Until recently, the notion of getting to visit the Kingdom of Saudi Arabia as an American was a far-fetched and unachievable. Tourist visas were functionally impossible to come by until late 2019 when Saudi Arabia instituted an efficient online process that delivers your visa within minutes of receiving your application. Since then, the country has been working to create a tourism industry where there never was one before. When I heard that Jared and Rachel of Percussive Tours were planning to travel to Saudi Arabia, I was eager to join them in exploring a country with rich history that is going through a period of massive change. I knew that this would be different from any trip I’d taken before and I couldn’t wait to be there.
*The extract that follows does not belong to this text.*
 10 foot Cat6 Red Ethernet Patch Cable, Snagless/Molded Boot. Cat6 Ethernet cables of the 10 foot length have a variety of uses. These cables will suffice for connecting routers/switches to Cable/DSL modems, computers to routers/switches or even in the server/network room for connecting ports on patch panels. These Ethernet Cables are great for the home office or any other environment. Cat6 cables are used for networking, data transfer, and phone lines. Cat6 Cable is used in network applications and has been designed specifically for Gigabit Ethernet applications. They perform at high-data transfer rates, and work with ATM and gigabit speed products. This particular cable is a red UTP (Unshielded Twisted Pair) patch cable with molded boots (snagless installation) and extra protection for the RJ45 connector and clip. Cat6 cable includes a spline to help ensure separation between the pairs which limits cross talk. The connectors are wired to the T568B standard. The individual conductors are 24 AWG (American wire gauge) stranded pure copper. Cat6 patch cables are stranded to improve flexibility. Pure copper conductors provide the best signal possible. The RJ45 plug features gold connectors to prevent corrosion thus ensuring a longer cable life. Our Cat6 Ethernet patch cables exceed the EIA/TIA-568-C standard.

Luckily I wouldn’t have to wait long, as we finalized plans and booked everything just a couple of weeks before the trip. It hadn’t really sunk in yet that we were actually going to Saudi Arabia by the time our cab driver pulled up to the door of our Airbnb in Diriyah, just outside of the capital city of Riyadh.

Before we could even identify which house on the street was our Airbnb, two men approached us and struck up a conversation. Their names were Mohammed and Nasser, and they quickly invited us over for tea. Mohammed spoke very good English and he explained that he had gone to school in the US as we followed them into a nearby yard. We left our luggage and shoes outside when they invited us into a sitting room full of their family members. Everyone was sitting on the floor, playing cards, smoking shisha, and drinking tea and coffee. They offered us coffee, tea, snacks, and set up a hookah for us to share. After Mohammed introduced us to his family and we chatted for a while, he and Nasser drove us around Diriyah, mentioning points of interest along the way.
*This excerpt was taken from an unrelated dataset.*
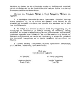 «Την ίδια στιγμή δηλαδή που οι συνάδελφοι μας εκτελούν υπηρεσίες επιφυλακής εντός Στρατοπέδων πολύ πέραν του ωραρίου καθώς και Σαββατοκύριακα και αργίες και σύμφωνα με τις διαταγές έχουν το δικαίωμα να σιτίζονται από τους εφοδιασμούς των Μονάδων, η υπηρεσία δεν φρόντισε να καλύψει το στοιχειώδες αυτό δικαίωμα τους, με αποτέλεσμα το σύνολο των συναδέλφων που είναι σε επιφυλακή, κλήθηκε σε Μονάδες του Στρατού Ξηράς στις περιοχές Ηπείρου, Θεσσαλονίκης, Έβρου και αλλού να μεταβεί σήμερα Σάββατο 15 Αυγούστου στις οικίες τους για λήψη φαγητού» καταγγέλλει στην ανακοίνωση της η ΠΟΜΕΝΣ.
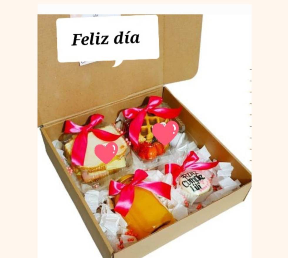 Caja de cartón, cinta decorativa, tarjeta, papel picado, vinilo decorativo, sandwich, pancakes con miel de maple y fresa picada, jugo de naranja y galleta de mantequilla rellena de nutella y maní cubierta de chocolate personalizada.

I noticed small groups of people gathered together along the roadsides, clearly sharing coffee and conversation with each other in the cool hours after dark. Mohammed pointed out that women were walking alone after dark and explained that they were able to do so because the area was extremely safe. Eventually they pulled into the parking lot of a supermarket so that we could pick up some food (which they insisted on buying for us). I was feeling completely dumbfounded by their hospitality and kindness by the time we arrived back in the neighborhood. We took some pictures with them and then said goodnight, and Mohammed called our Airbnb host to let us know we were ready to check in.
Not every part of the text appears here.